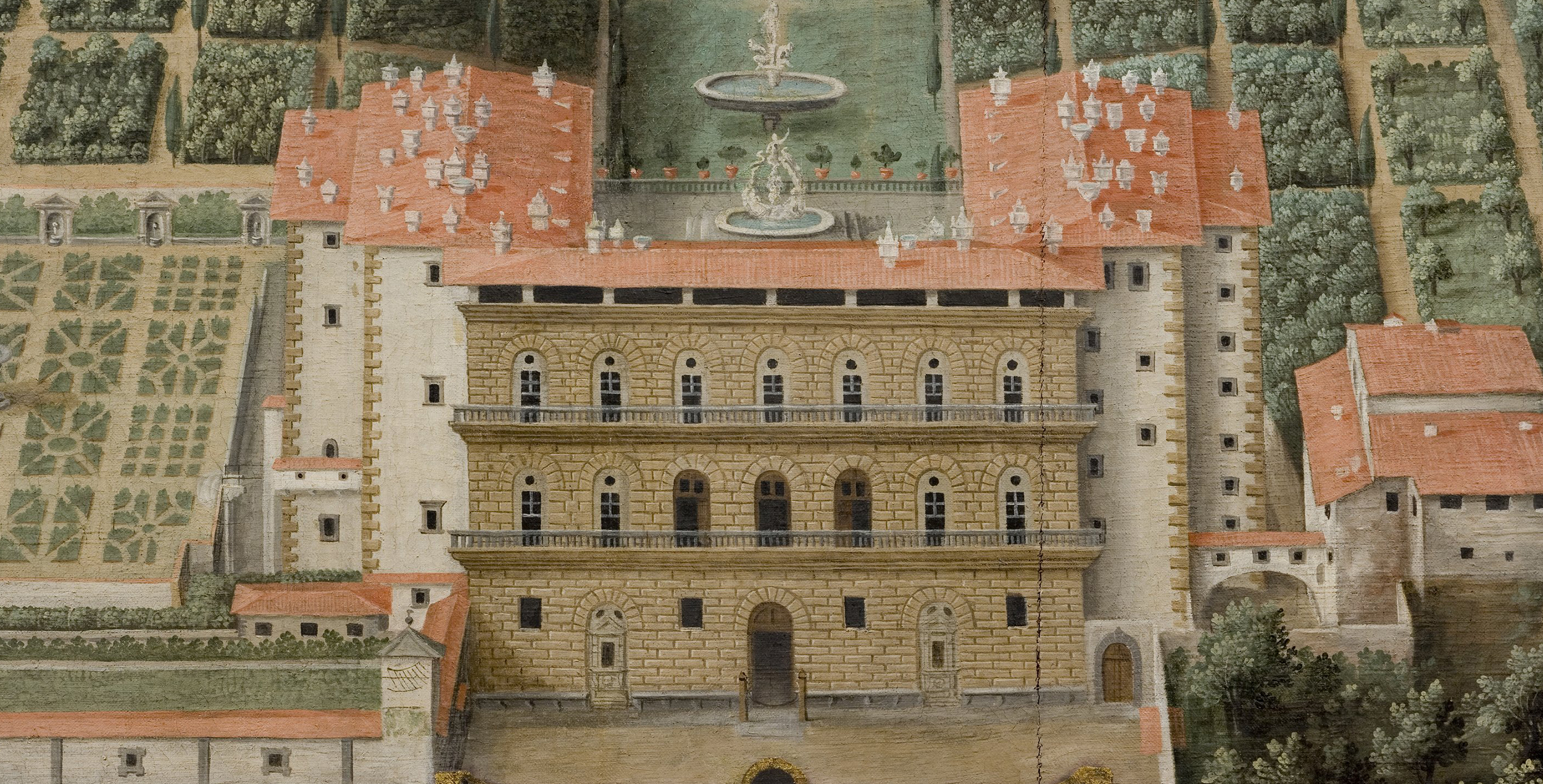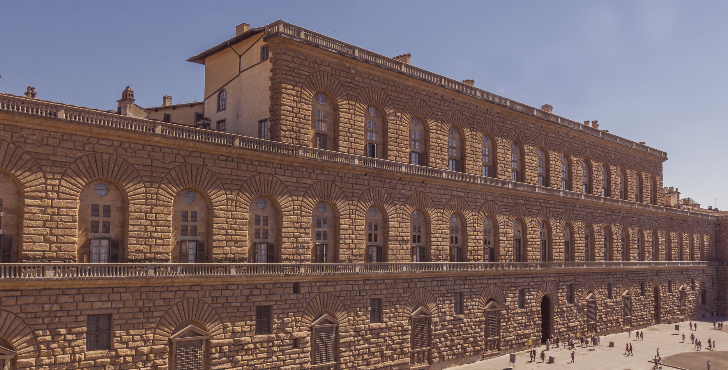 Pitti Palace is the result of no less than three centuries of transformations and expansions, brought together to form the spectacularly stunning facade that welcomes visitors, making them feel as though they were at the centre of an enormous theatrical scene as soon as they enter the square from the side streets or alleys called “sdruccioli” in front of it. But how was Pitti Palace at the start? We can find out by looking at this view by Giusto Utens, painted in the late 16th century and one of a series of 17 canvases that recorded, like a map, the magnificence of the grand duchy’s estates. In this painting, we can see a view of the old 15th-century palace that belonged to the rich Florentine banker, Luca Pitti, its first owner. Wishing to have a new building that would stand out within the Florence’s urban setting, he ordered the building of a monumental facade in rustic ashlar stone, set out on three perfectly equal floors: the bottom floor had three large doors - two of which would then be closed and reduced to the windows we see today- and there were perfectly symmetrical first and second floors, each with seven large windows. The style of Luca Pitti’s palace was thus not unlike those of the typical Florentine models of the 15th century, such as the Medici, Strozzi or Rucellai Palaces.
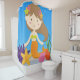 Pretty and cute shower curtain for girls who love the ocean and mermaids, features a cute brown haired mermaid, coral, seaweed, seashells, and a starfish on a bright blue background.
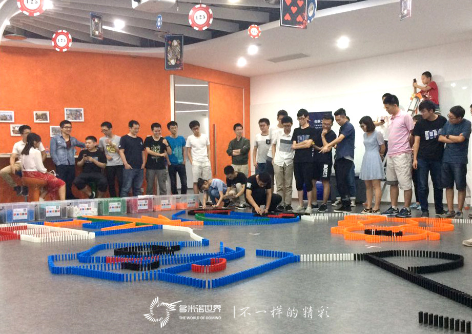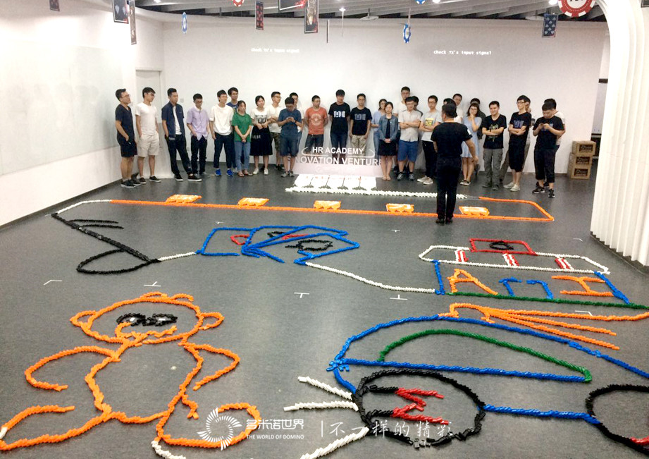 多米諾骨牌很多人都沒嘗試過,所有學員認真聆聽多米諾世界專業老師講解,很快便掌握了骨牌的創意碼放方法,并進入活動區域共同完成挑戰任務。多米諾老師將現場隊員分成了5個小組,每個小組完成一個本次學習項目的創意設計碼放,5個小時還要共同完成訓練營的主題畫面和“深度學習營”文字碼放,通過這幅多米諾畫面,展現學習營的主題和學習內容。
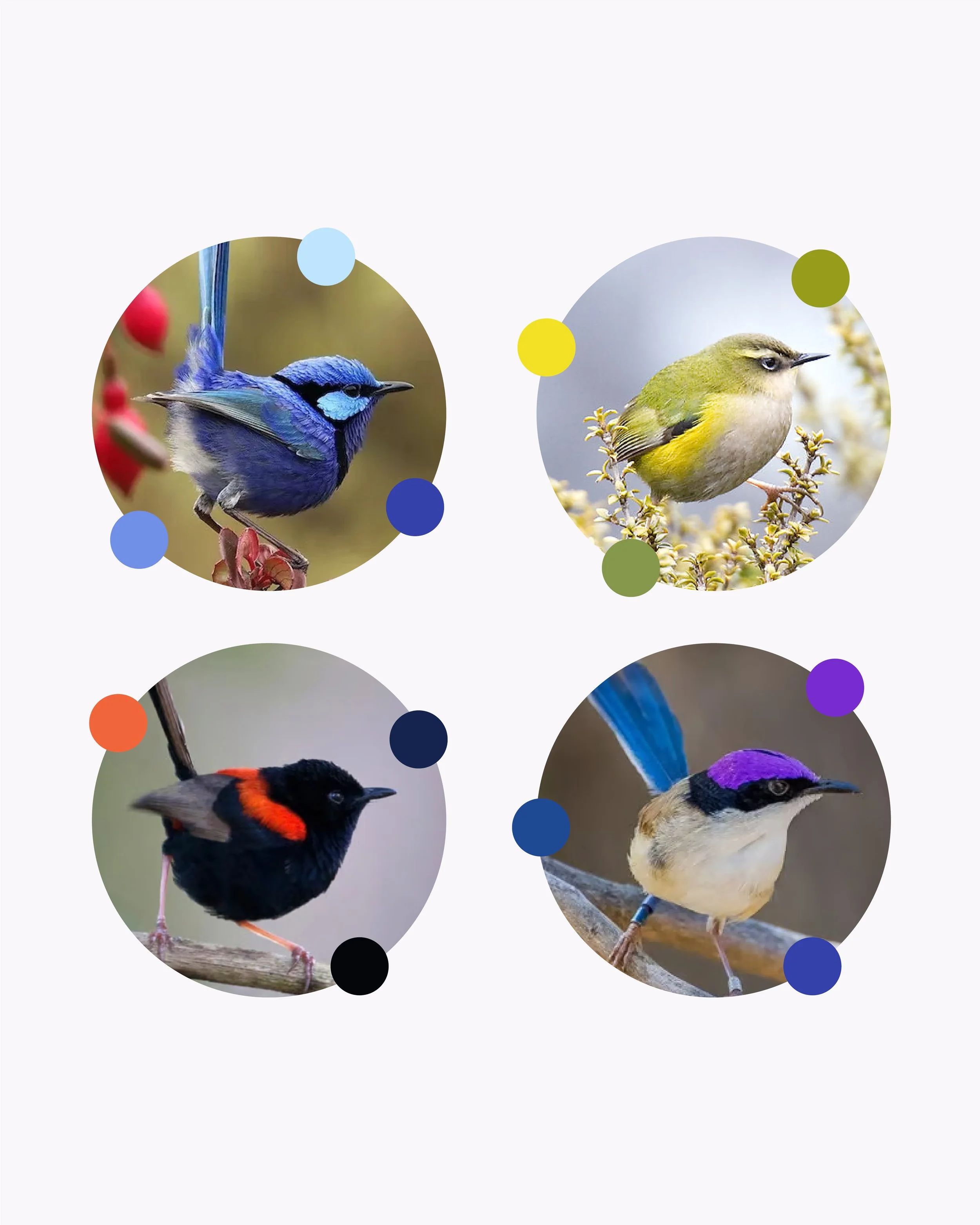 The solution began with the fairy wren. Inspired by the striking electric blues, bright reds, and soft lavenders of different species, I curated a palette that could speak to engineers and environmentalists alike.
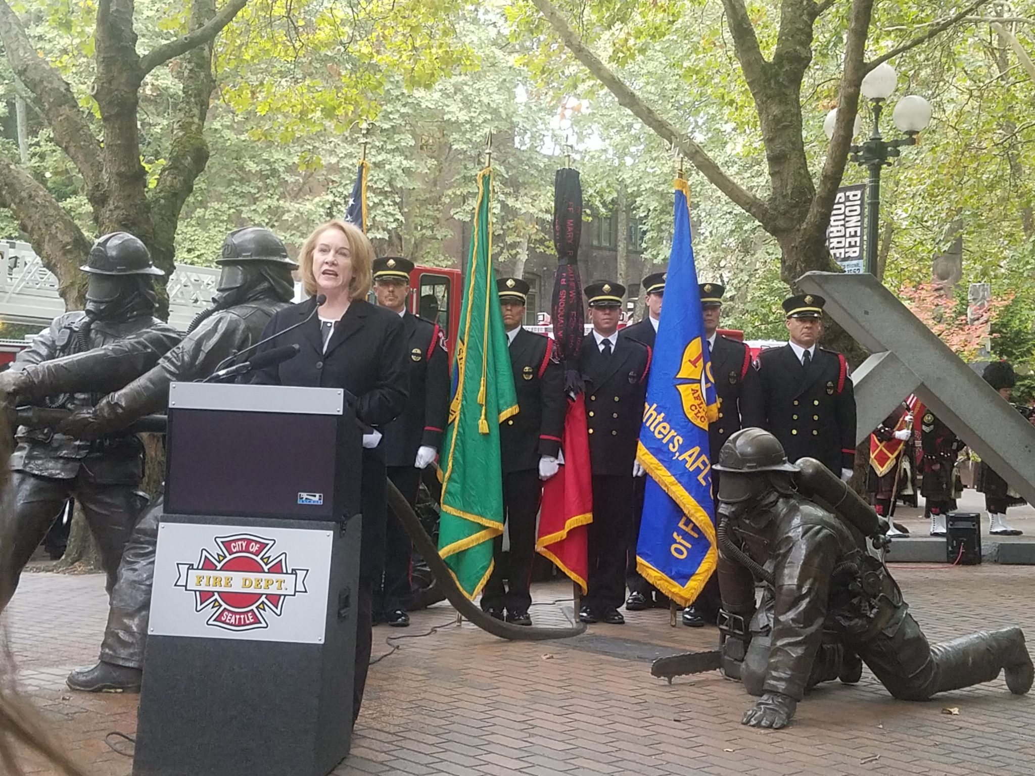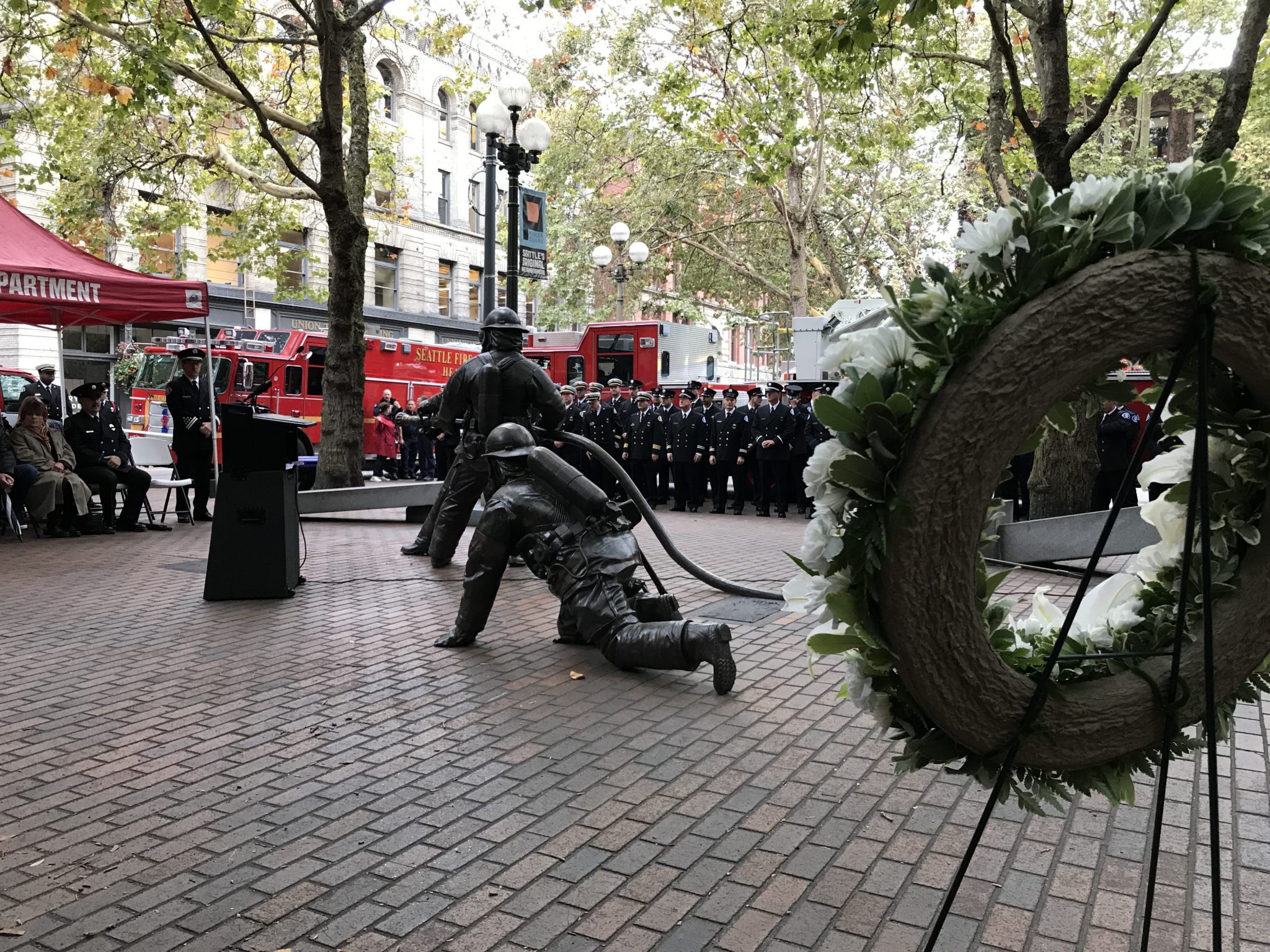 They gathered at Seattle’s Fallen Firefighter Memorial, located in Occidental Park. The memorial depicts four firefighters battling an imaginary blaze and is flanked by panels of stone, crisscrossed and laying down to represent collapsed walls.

### WORK REQUIRED:
Down to the final line, restate the material above word for word, but omit its pictures.

### ANSWER TO THIS TASK:
 Pitti Palace is the result of no less than three centuries of transformations and expansions, brought together to form the spectacularly stunning facade that welcomes visitors, making them feel as though they were at the centre of an enormous theatrical scene as soon as they enter the square from the side streets or alleys called “sdruccioli” in front of it. But how was Pitti Palace at the start? We can find out by looking at this view by Giusto Utens, painted in the late 16th century and one of a series of 17 canvases that recorded, like a map, the magnificence of the grand duchy’s estates. In this painting, we can see a view of the old 15th-century palace that belonged to the rich Florentine banker, Luca Pitti, its first owner. Wishing to have a new building that would stand out within the Florence’s urban setting, he ordered the building of a monumental facade in rustic ashlar stone, set out on three perfectly equal floors: the bottom floor had three large doors - two of which would then be closed and reduced to the windows we see today- and there were perfectly symmetrical first and second floors, each with seven large windows. The style of Luca Pitti’s palace was thus not unlike those of the typical Florentine models of the 15th century, such as the Medici, Strozzi or Rucellai Palaces.
 Pretty and cute shower curtain for girls who love the ocean and mermaids, features a cute brown haired mermaid, coral, seaweed, seashells, and a starfish on a bright blue background.
 多米諾骨牌很多人都沒嘗試過,所有學員認真聆聽多米諾世界專業老師講解,很快便掌握了骨牌的創意碼放方法,并進入活動區域共同完成挑戰任務。多米諾老師將現場隊員分成了5個小組,每個小組完成一個本次學習項目的創意設計碼放,5個小時還要共同完成訓練營的主題畫面和“深度學習營”文字碼放,通過這幅多米諾畫面,展現學習營的主題和學習內容。
 The solution began with the fairy wren. Inspired by the striking electric blues, bright reds, and soft lavenders of different species, I curated a palette that could speak to engineers and environmentalists alike.
 They gathered at Seattle’s Fallen Firefighter Memorial, located in Occidental Park. The memorial depicts four firefighters battling an imaginary blaze and is flanked by panels of stone, crisscrossed and laying down to represent collapsed walls.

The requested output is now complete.